#### PROBLEM
Which lines run from the one containing "Perfect for any" to the end of the material below? Copy them exactly, pictures excluded.

#### RECORDS SHOWN
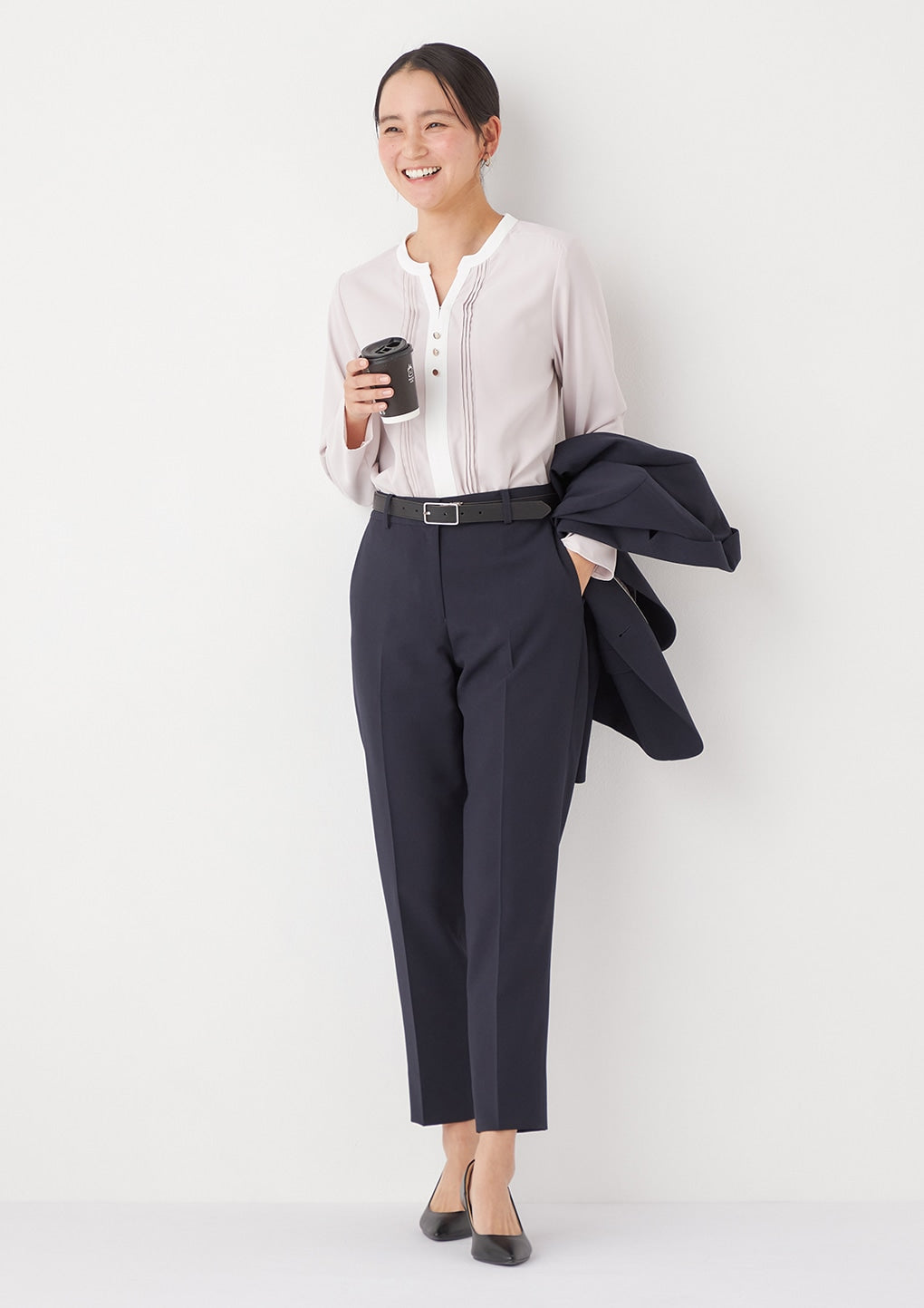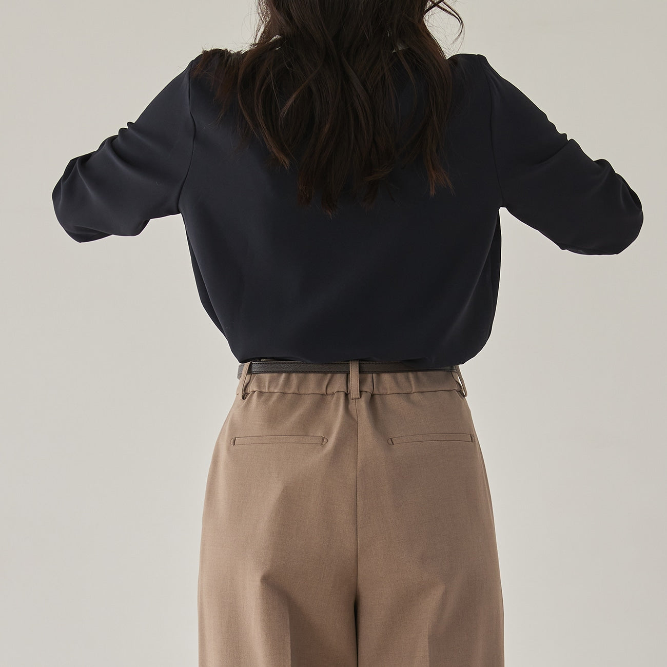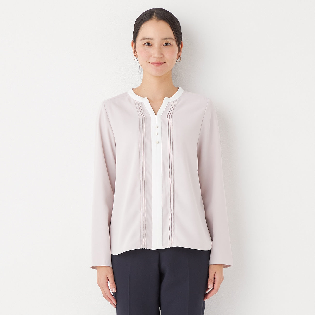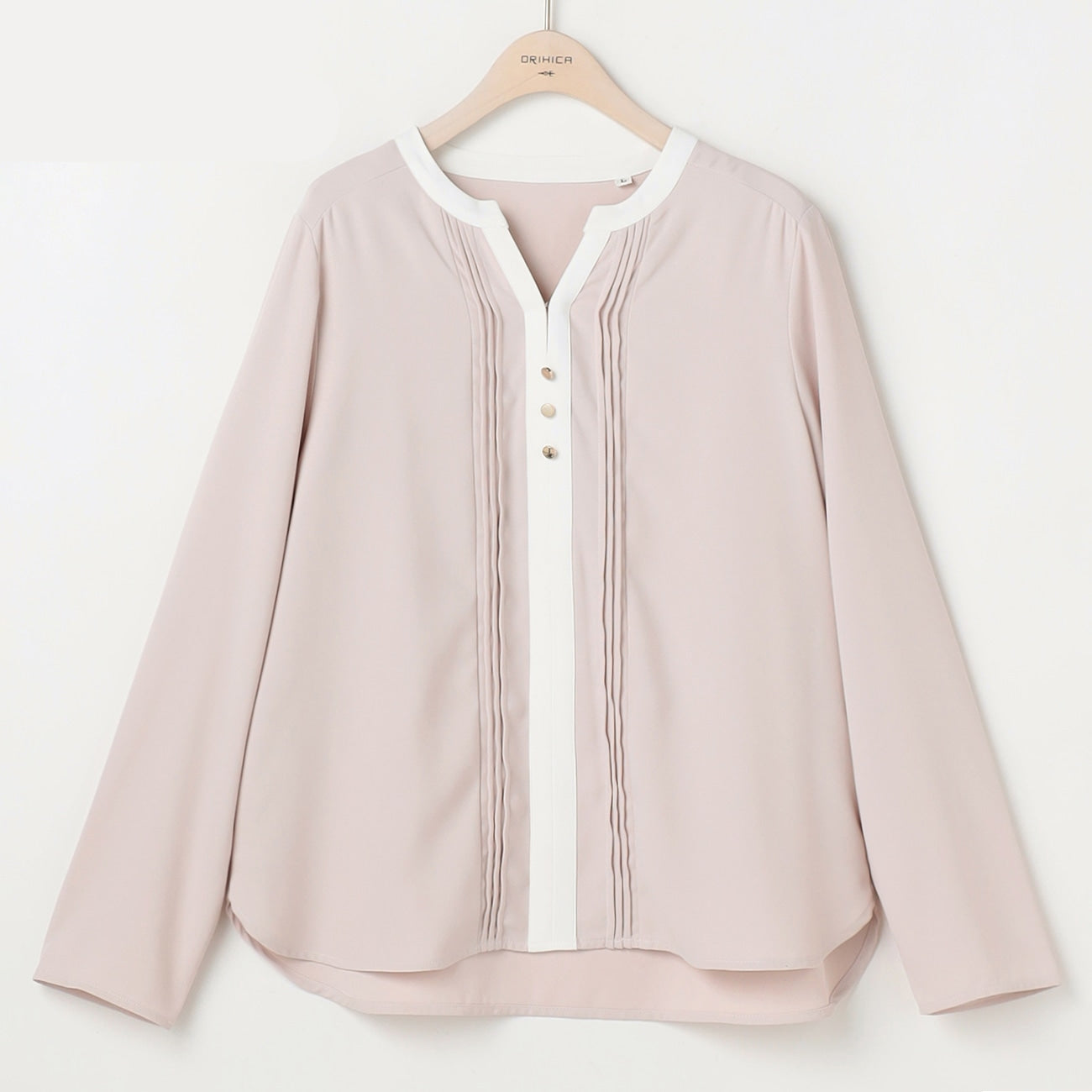 Sophisticated keyneck blouse with contrasting trim, ideal for professional settings.
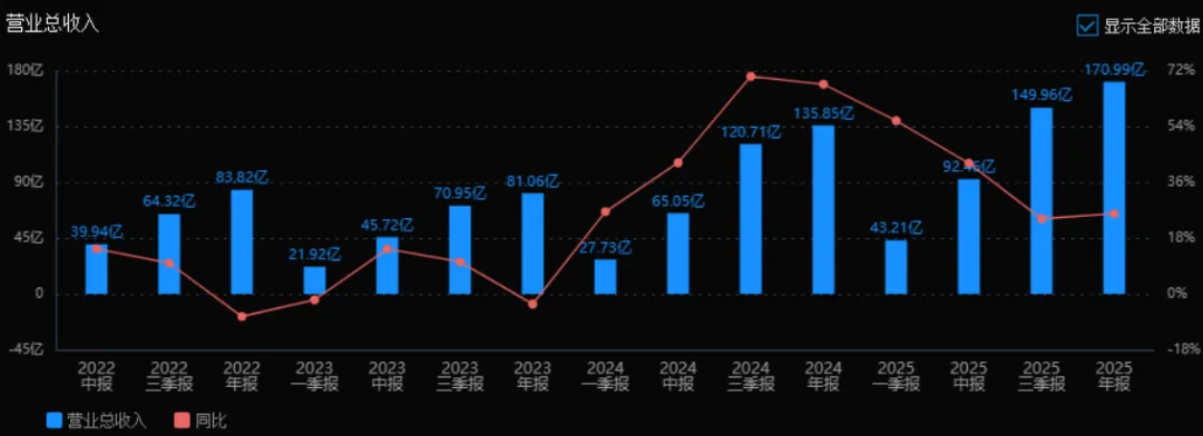2025年营业总收入为 170.99亿元,相较于2024年的135.85亿元增长了 25.86%。评价: 公司保持了较为强劲的营收增长态势,尽管增速较2024年的67.60%有所放缓,但在高基数下仍实现超25%的同比增长,说明主营业务仍具扩张能力。
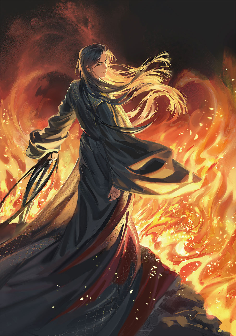 И тут он врезался в толщу лавы. Ее поверхность была покрыта твердой коркой, но тело бывшего императора оказалось настолько прочным, что от столкновения не рассыпалось в прах, пускай и упало с головокружительной высоты. Позвоночник переломился пополам, с его треском проломилась и лавовая корка. Подобно знамени взвилось высокое пламя. Огонь, «способный расплавить что золото, что нефрит», распахнул свой зев и поглотил Шэн Сяо.
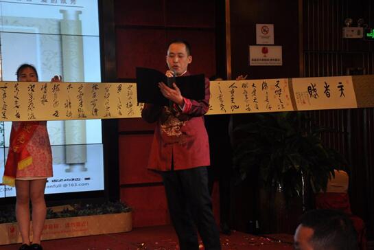 在本次年会上,还举行了隆重的《天香赋》赠赋仪式,由深圳书法家协会吕小葵老师创作,国内书法名家杜建勋老师执笔的长达10米的赋,随着卷轴缓缓打开,露出真颜,在场所有观众无不为之震撼。
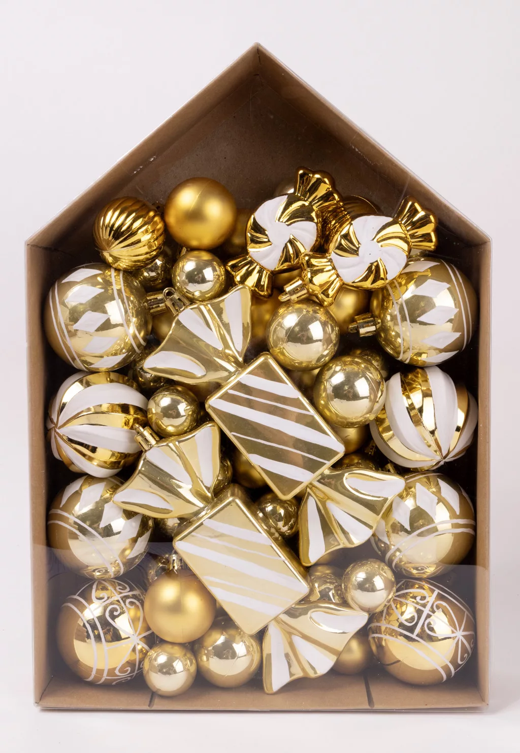 KARÁCSONYI DÍSZ MIX, SZETTBEN, 58 DARABOS, ARANY ÉS FEHÉR
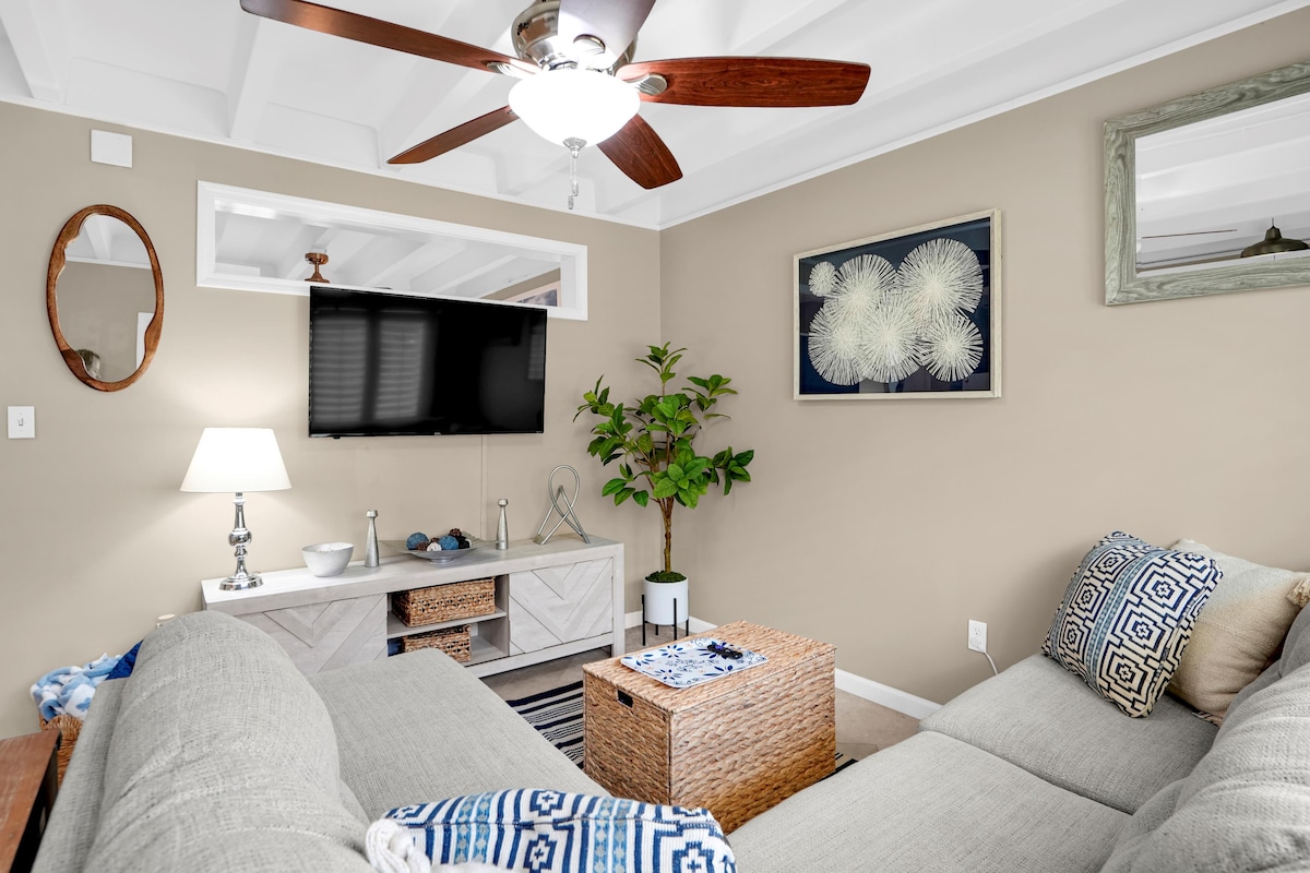 This beautiful family-friendly beach house is in an adorable, gated community with two pools and two parking spots in front of the home. This home sleeps 6 comfortably and features an outdoor fenced patio with a fire pit and gas grill for your family’s evening enjoyment. The home has been upgraded with Roku TVs with YouTube TV in the living room and all bedrooms. The kitchen is fully stocked for your cooking enjoyment and features new appliances, including the washer and dryer.
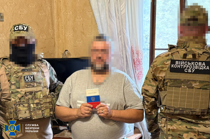 Під час обшуків у помешканні та автомобілі зловмисника вилучено компоненти для виготовлення СВП, прокремлівську символіку, планшет, телефон з доказами зв’язку з ФСБ, а також український паспорт в обкладинці з триколором.
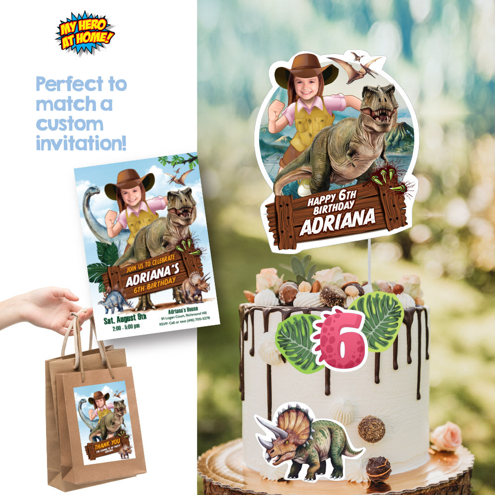Perfect for any Dino Girl-themed party, this personalized cake topper turns your girl into the explorer of their own Jurassic adventure — ideal for a wild birthday celebration full of prehistoric fun!
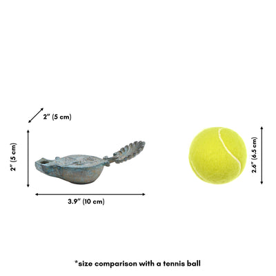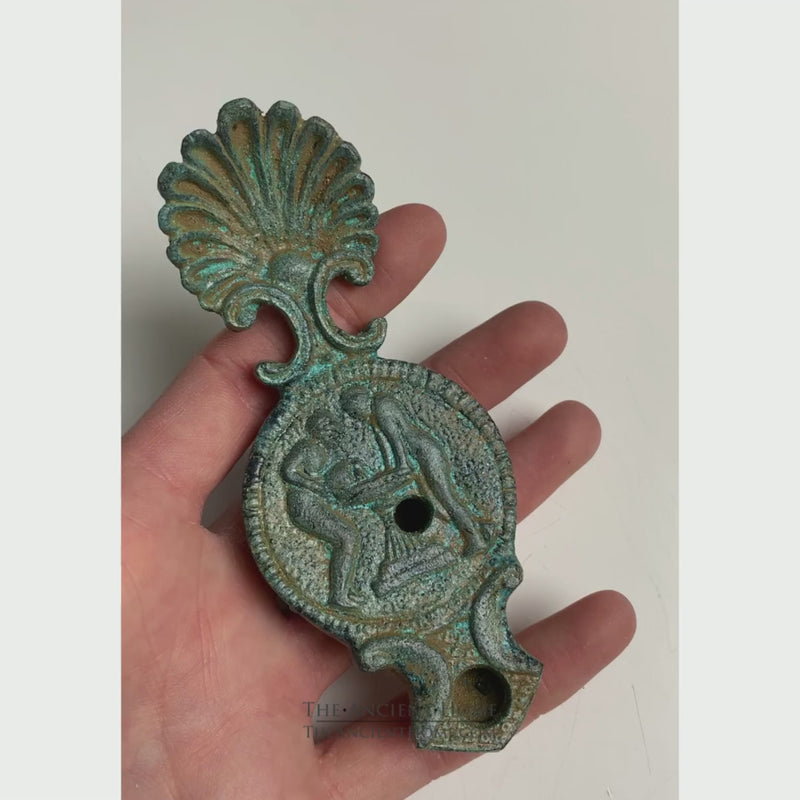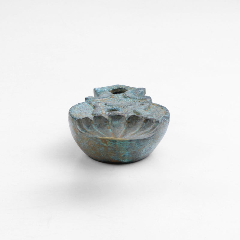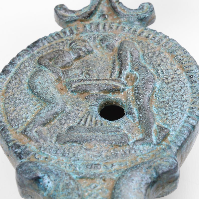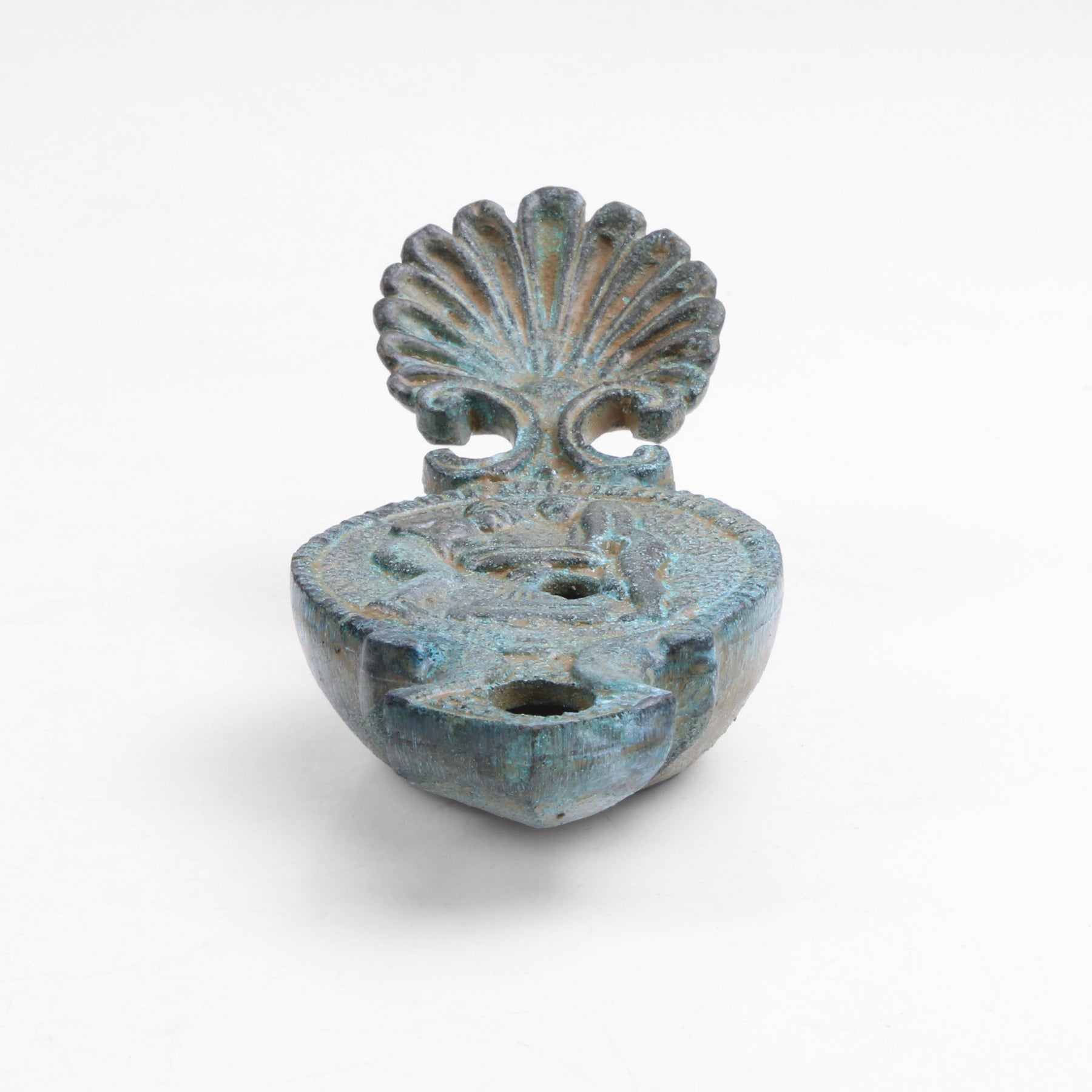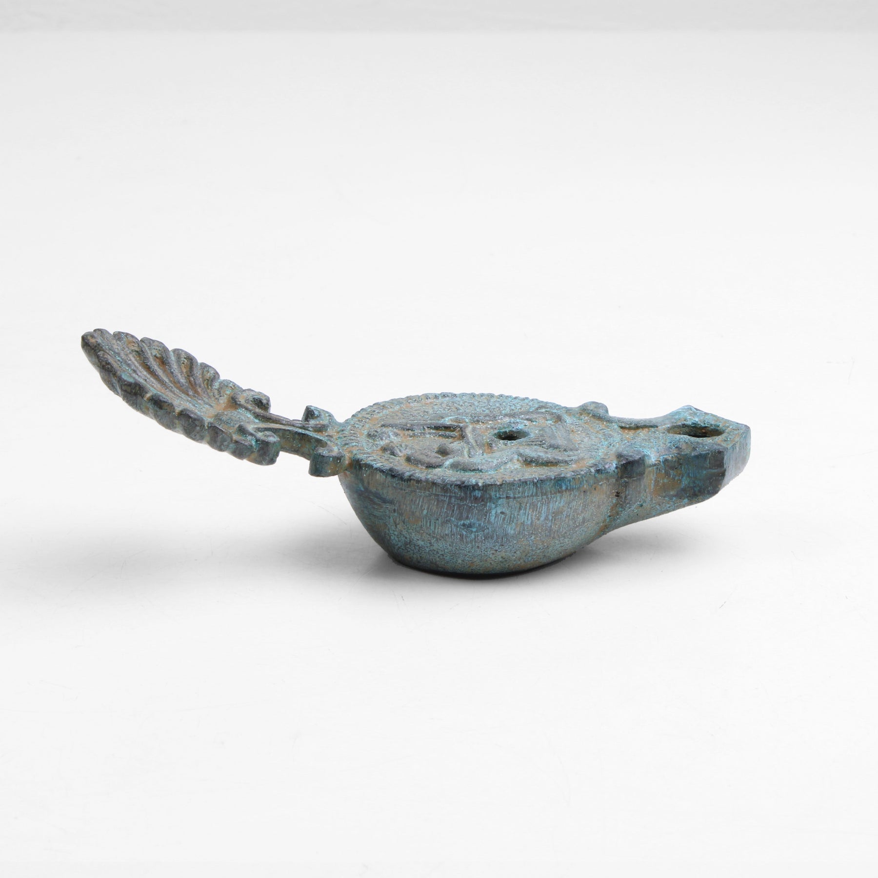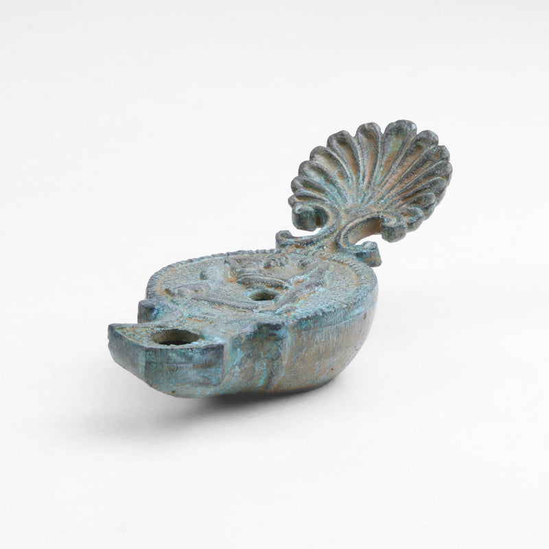 Lampe à huile en bronze avec un bec, décor de fontaine en relief et poignée en forme de coquille. Objet décoratif parfait pour bureau ou étagère.

#### RESULT FOR THIS TASK
Perfect for any Dino Girl-themed party, this personalized cake topper turns your girl into the explorer of their own Jurassic adventure — ideal for a wild birthday celebration full of prehistoric fun!
 Lampe à huile en bronze avec un bec, décor de fontaine en relief et poignée en forme de coquille. Objet décoratif parfait pour bureau ou étagère.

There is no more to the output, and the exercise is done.